Exercise details:
Each line of the data below between the one containing "المجلس الرئاسي - السودان" and the one containing "Gambar 5. Pelaksanaan", both included, is to be repeated exactly. Please omit pictures.

(Beginning of Data supplied)

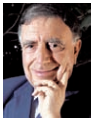
LUIS MARÍA ANSON de la Real Academia Española
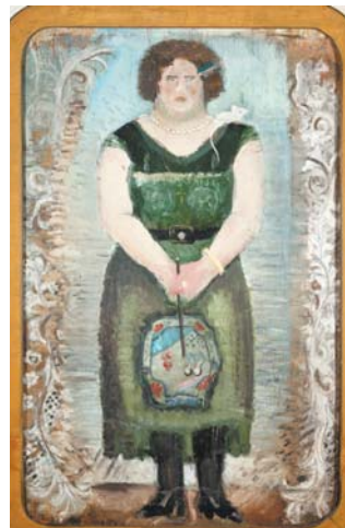
«Дама с мышкой»
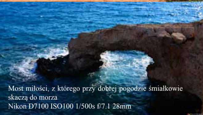
Most miłości, z którego przy dobrej pogodzie śmiałkowie skaczą do morza Nikon D7100 ISO100 1/500s f/7.1 28mm
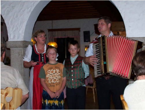
zum Abendessen gibt's musikalische Begleitung
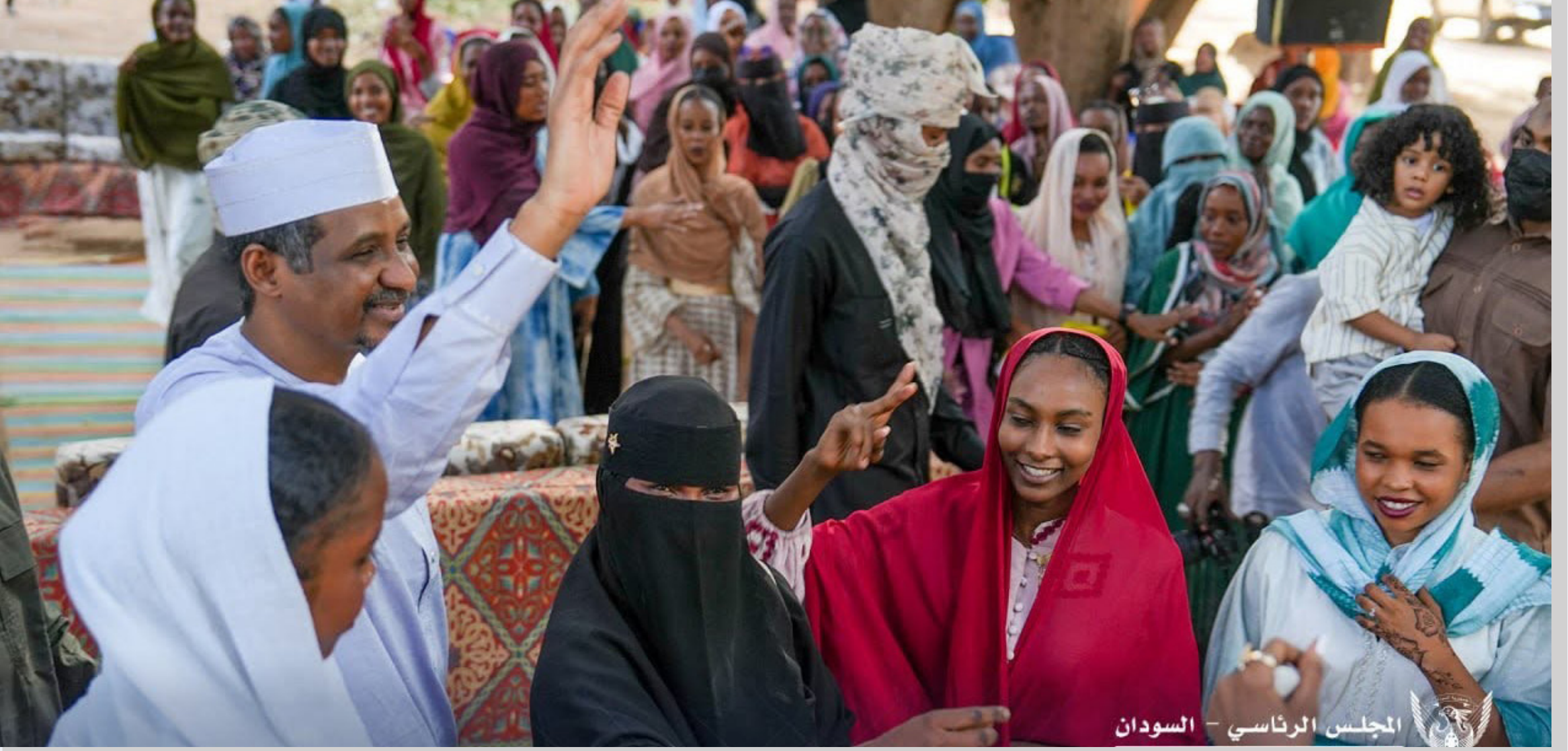
المجلس الرئاسي - السودان
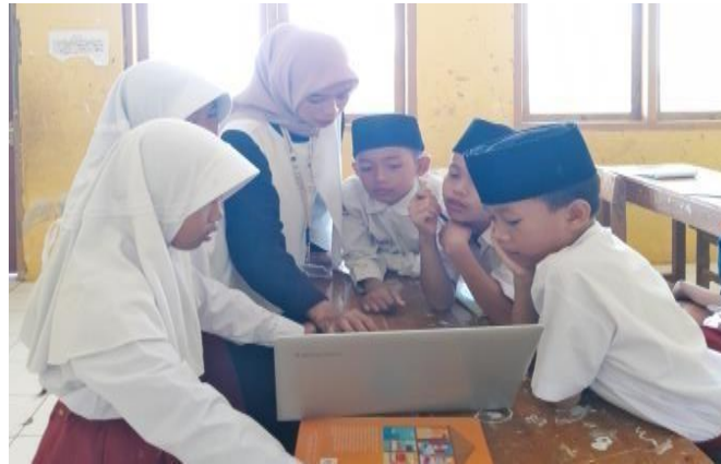
Gambar 5. Pelaksanaan kegiatan belajar mengajar menggunakan metode SCL dan media pembelajaran berbasis teknologi

Sebelum adanya penerjunan mahasiswa, peserta didik di MIS Miftahul Huda tidak familiar dengan teknologi. Meskipun mereka tahu tentang laptop, mereka belum pernah memanfaatkannya secara praktis. Banyak guru juga belum menguasai Teknologi Informasi. Oleh karena itu, mahasiswa memiliki peluang untuk memberikan pengetahuan tentang adaptasi teknologi kepada siswa. Mahasiswa menerapkan teknologi dalam kegiatan pembelajaran ini, yaitu menggunakan laptop dengan menyiapkan media pembelajaran seperti video pembelajaran dan PowerPoint yang menampilkan gambar, teks, dan audio visual sehingga siswa tidak cepat bosan dalam memahami materi.

(End of Data supplied)

Answer section:
المجلس الرئاسي - السودان
Gambar 5. Pelaksanaan kegiatan belajar mengajar menggunakan metode SCL dan media pembelajaran berbasis teknologi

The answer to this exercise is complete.